Resource planning answers who is assigned to active work right now. Capacity management answers whether the firm can take on new work given current and forecasted commitments. Both are necessary – firms that do only resource planning discover capacity problems after they’ve already committed to new projects.
How do consulting firms track billable hours accurately?
Same-day logging rather than weekly reconstruction. Billing rates configured at the project level so client-specific pricing applies without manual override. The clearest sign a system is working: the billing summary exists before the billing review rather than being assembled during it.
When does a firm need dedicated capacity planning software?
When staffing conflicts are regularly discovered after project commitments are made rather than before.
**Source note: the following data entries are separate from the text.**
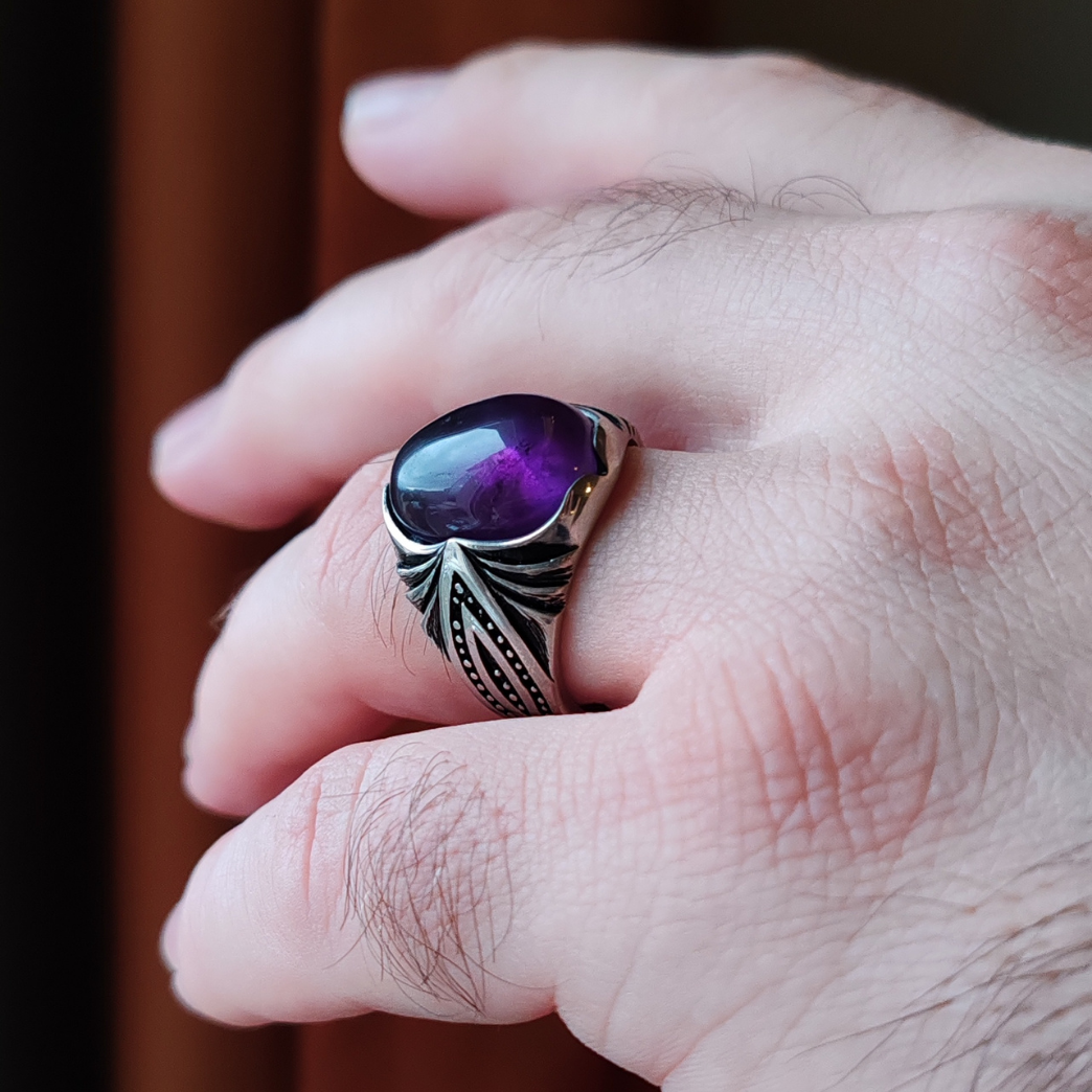Ametist, mor kristal dokusuyla her takıda farklı bir ışık oyunu sunar. Renk yoğunluğu taşın yapısına göre değişir, bu da yüzüğü tamamen tek ve özgün bir parça yapar. Stilini zarafet, güç ve modernlikle tamamlamak isteyen erkekler için ideal bir tercihtir.
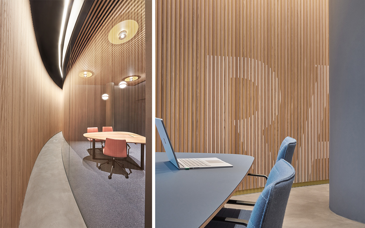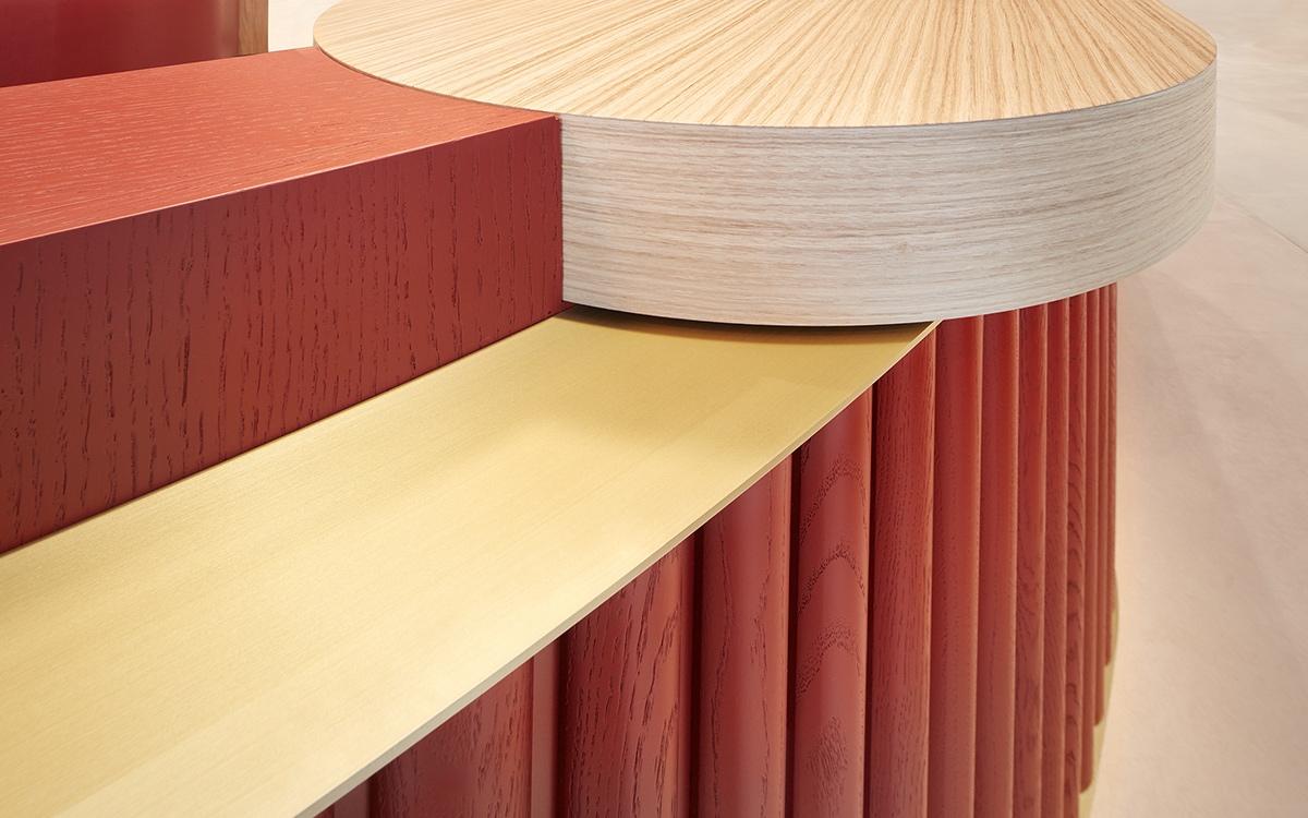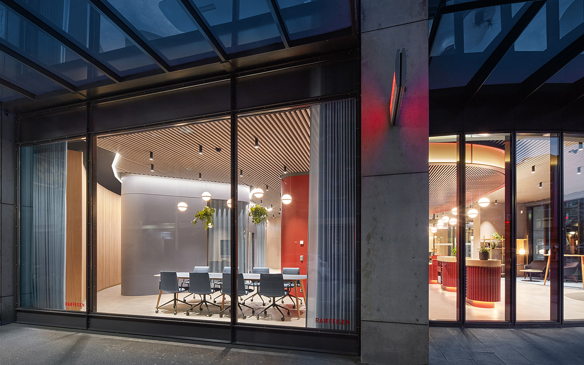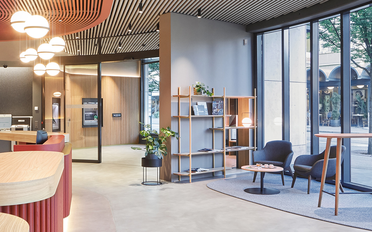 Anders als der frühere Aufbau des Innenraums gestaltet sich das neue Raumkonzept in umgekehrter Komposition und stellt den Kundenkontakt ins Zentrum des Geschehens — das Servicekonzept baut sich vom Herzen der Kundenhalle nach aussen hin auf und repräsentiert die persönliche Beziehung zur Kundschaft. Die Gastgeberfunktion der Mitarbeitenden steht nun sprichwörtlich im Zentrum.
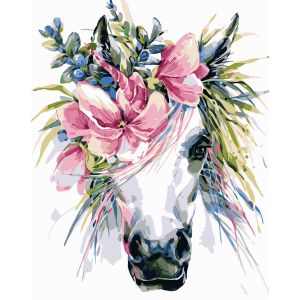 Картина за номерами Strateg ПРЕМІУМ Кольоровий кінь з лаком розміром 40х50 см VA-1218

That pattern – finding out a person is over-committed at kickoff or mid-project – is the signal. Most practices reach this point between 15 and 20 staff with more than four concurrent active engagements.
What integrations matter most for PS firms?
Accounting software first – the connection between time entries and invoicing needs no manual step. CRM second – closed deals should flow into project creation automatically. Calendar sync third. Beyond those three, additional integrations matter based on the tools already embedded in the firm’s workflow.
Why do consulting firms struggle with resource planning in spreadsheets?
Spreadsheets work well when projects and staffing decisions are relatively simple. As firms grow, assignments change more frequently, utilization fluctuates, and project demand becomes harder to forecast. The challenge is usually not building the spreadsheet. It is keeping the information current enough to support decisions.